Эта квартира была убитая. То есть, следы бедности во всем. Иногда к этому примешивается нечистоплотность, но здесь было все относительно в порядке. Видно, что какая-никакая хозяйка в доме есть. Скорее никакая, впрочем. И открыла нам она. Лет сорок. Уже со следами возлияний. Со слегка заплетающимся языком. С какой-то грязной кровавой тряпкой, которую она держала где-то в области виска. Но вместе с тем, женщина производила впечатление даже благоприятное. Не было в ней той вульгарной расхлябанности, которая свойственна уличным алкоголикам. Впрочем, и интеллигентности особой так же не было. Обычная такая себе добрая тетка-хохлушка тощей комплекции.
- Что случилось?, - спрашиваем.
- Сволочь, топориком тюкнул. Алкаш!
Ох, уж эта любовь синяков к обществу себе подобных. Первое оскорбление для своего брата - "алкаш".
- Кто тюкнул? Зачем? Стулья нам. Есть кто в доме, кто стулья принесет?
Доктор уселся на единственный стул, который был в комнате. Санитар примостился на краешек кровати.
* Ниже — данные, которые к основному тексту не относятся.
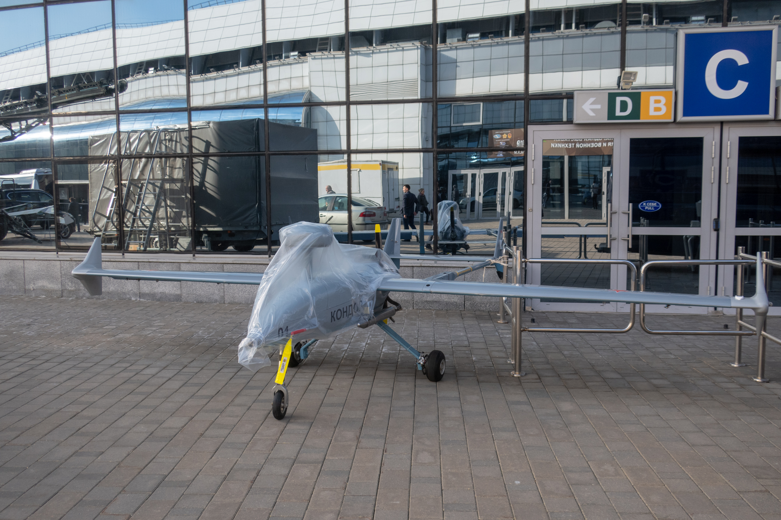 UAV at Milex-2019 arms and military machinery exposition (Minsk, Belarus)
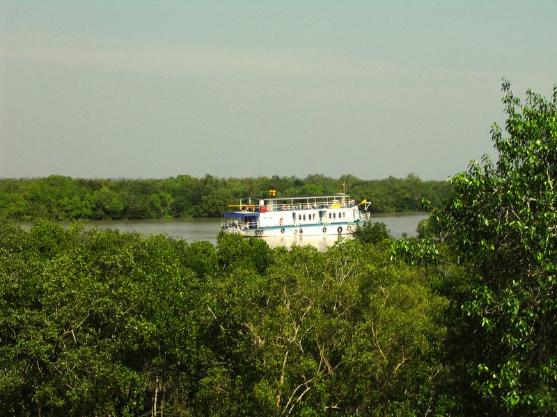 View of Sundarbans in West Bengal (India)
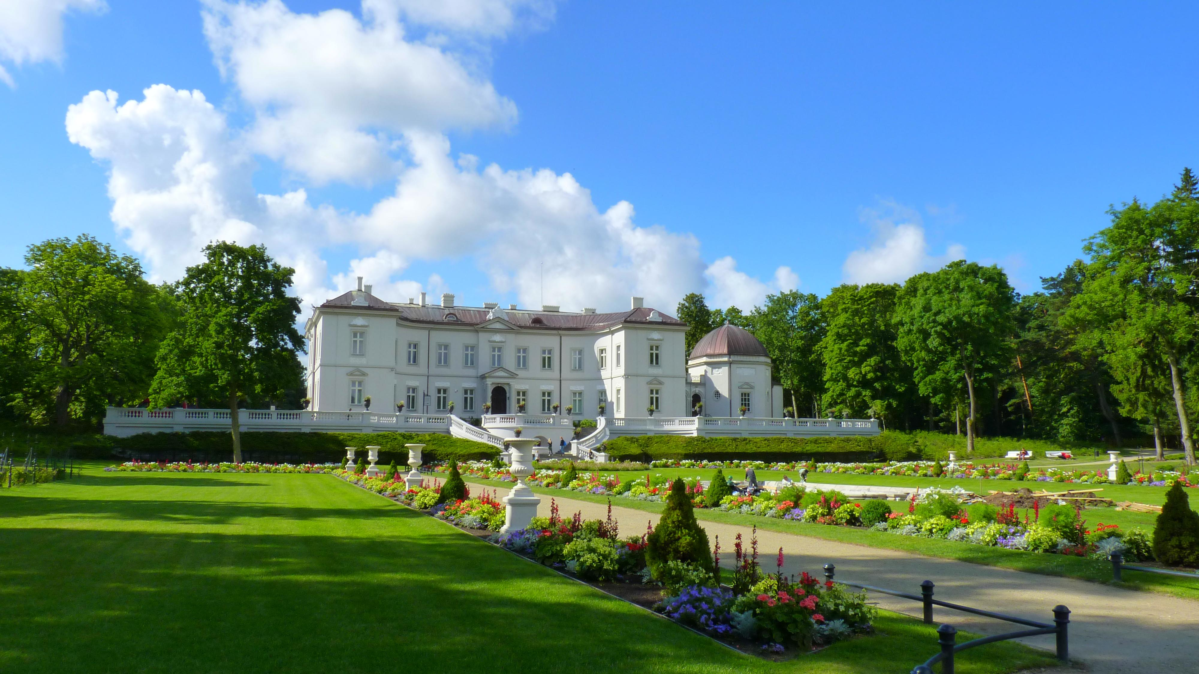 Palanga Amber Museum during summer in Palanga, Lithuania.
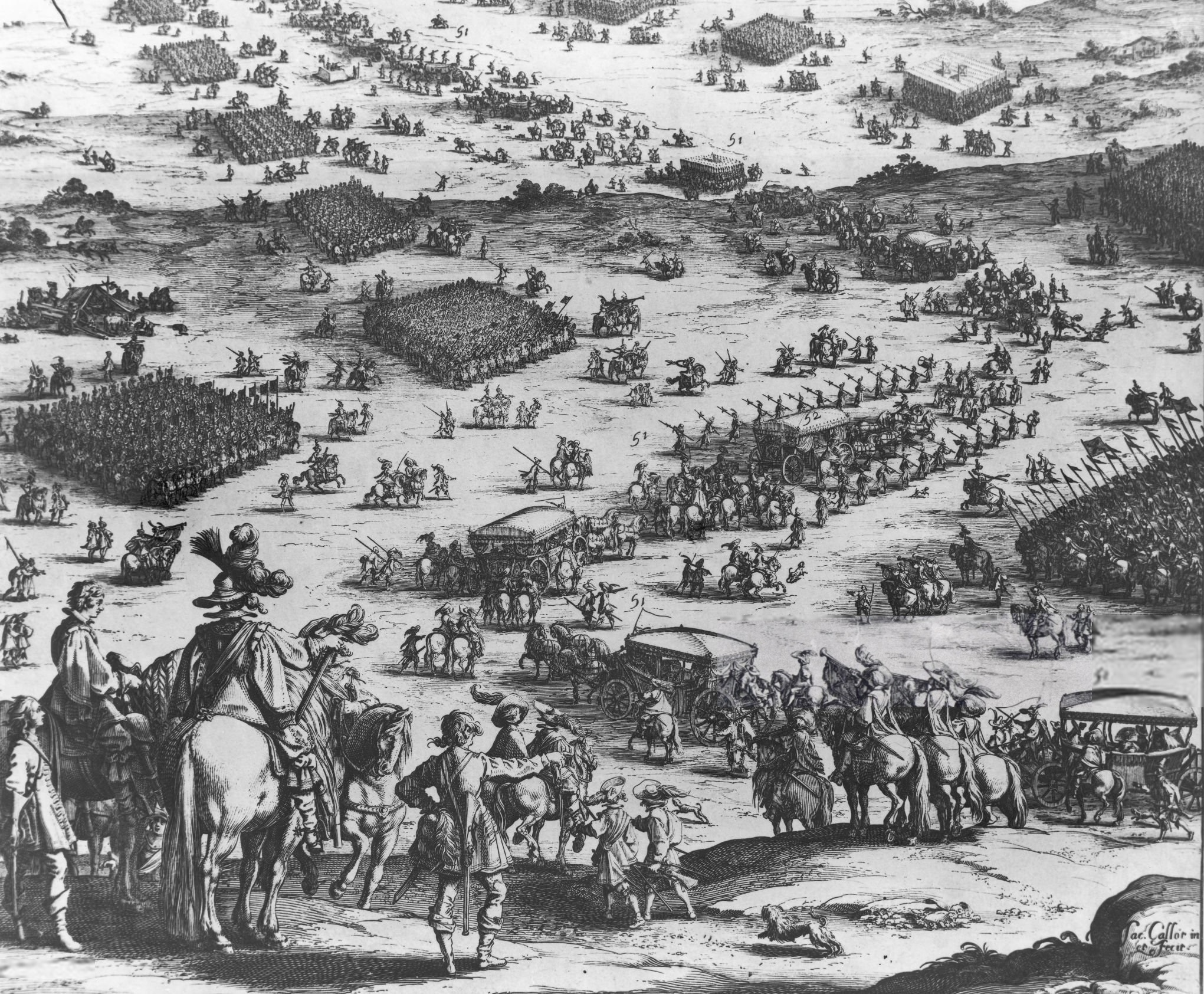 Engraving of the Siege of Breda from [1]
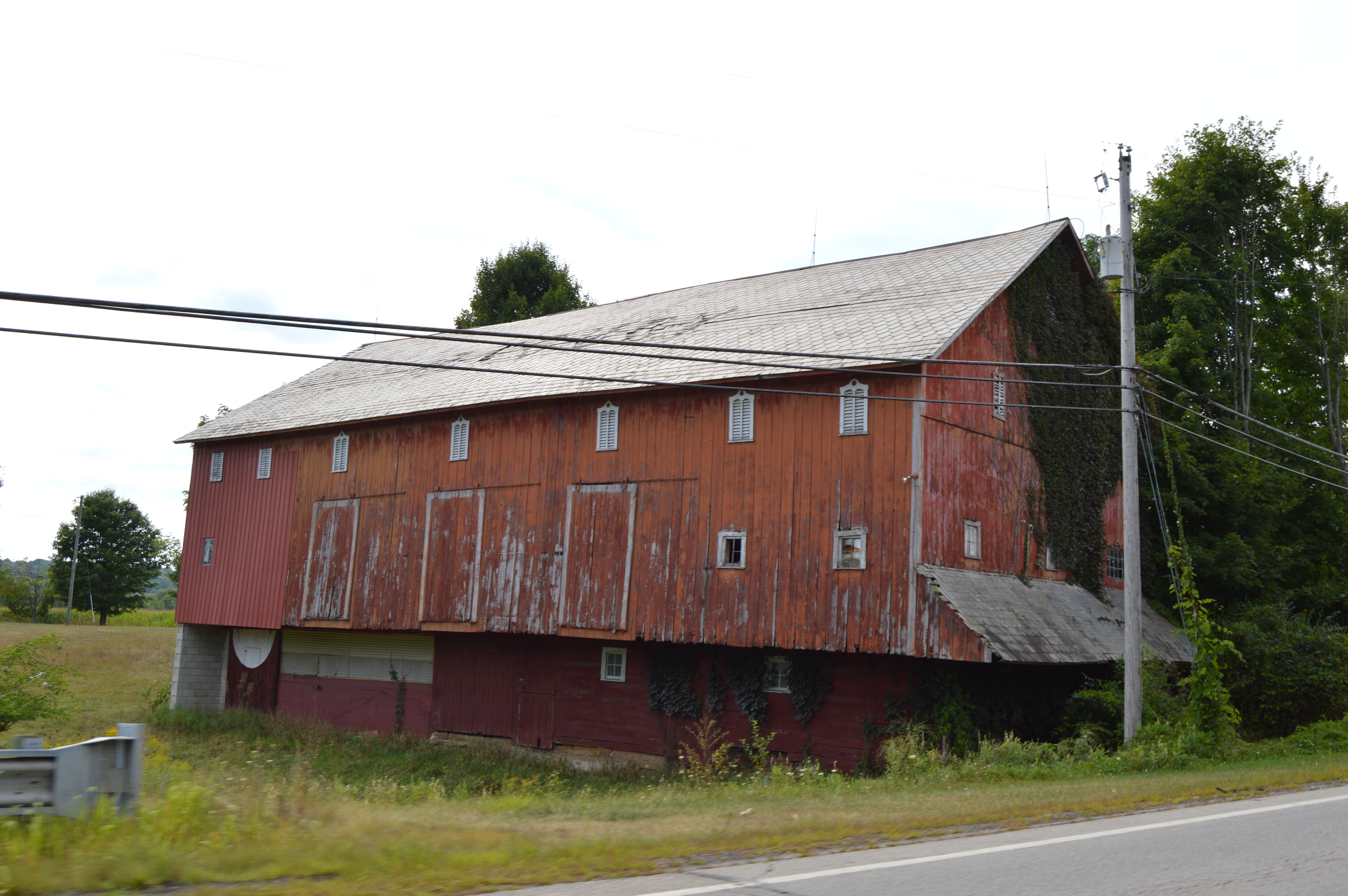 Front and southeastern side of a barn located along State Route 97 northwest of Bellville in Washington Township, Richland County, Ohio, United States.
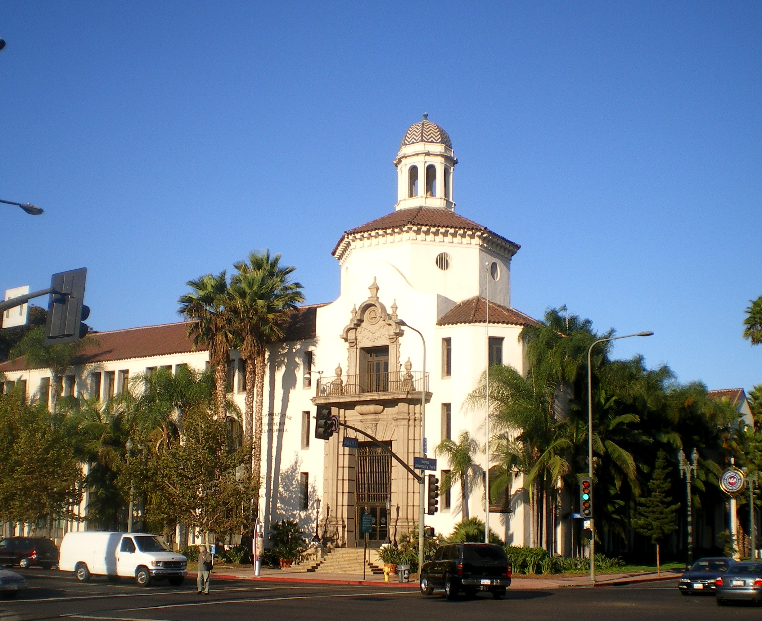 Automobile Club of Southern California - headquarters building. Located at 2601 S. Figueroa Street, West Adams district, Los Angeles, California. Designed by Sumner Hunt in the Spanish Colonial Revival style, built in 1922. Los Angeles Historic-Cultural Monument #72.

Я работаю стоя.
- Да дочка есть, - отвечает, - на кухне.
Смотрю буйну теткину головушку. Ну да. "Погладили" топориком по касательной. Повезло тетке. Хоть и крови натекло, но ничего серьезного. Шить нужно, конечно. Будем везти к нейрохирургам. Перевязываю. Пока мотал праздничные банты на теткиной башке, в дверном проеме неслышно появился ребенок лет двенадцати.
- Стул принеси, лучше табурет с кухни, - бросаю ей.
Так же неслышно исчезла.
- Я, представляете, с работы пришла. Я тут в школе работаю...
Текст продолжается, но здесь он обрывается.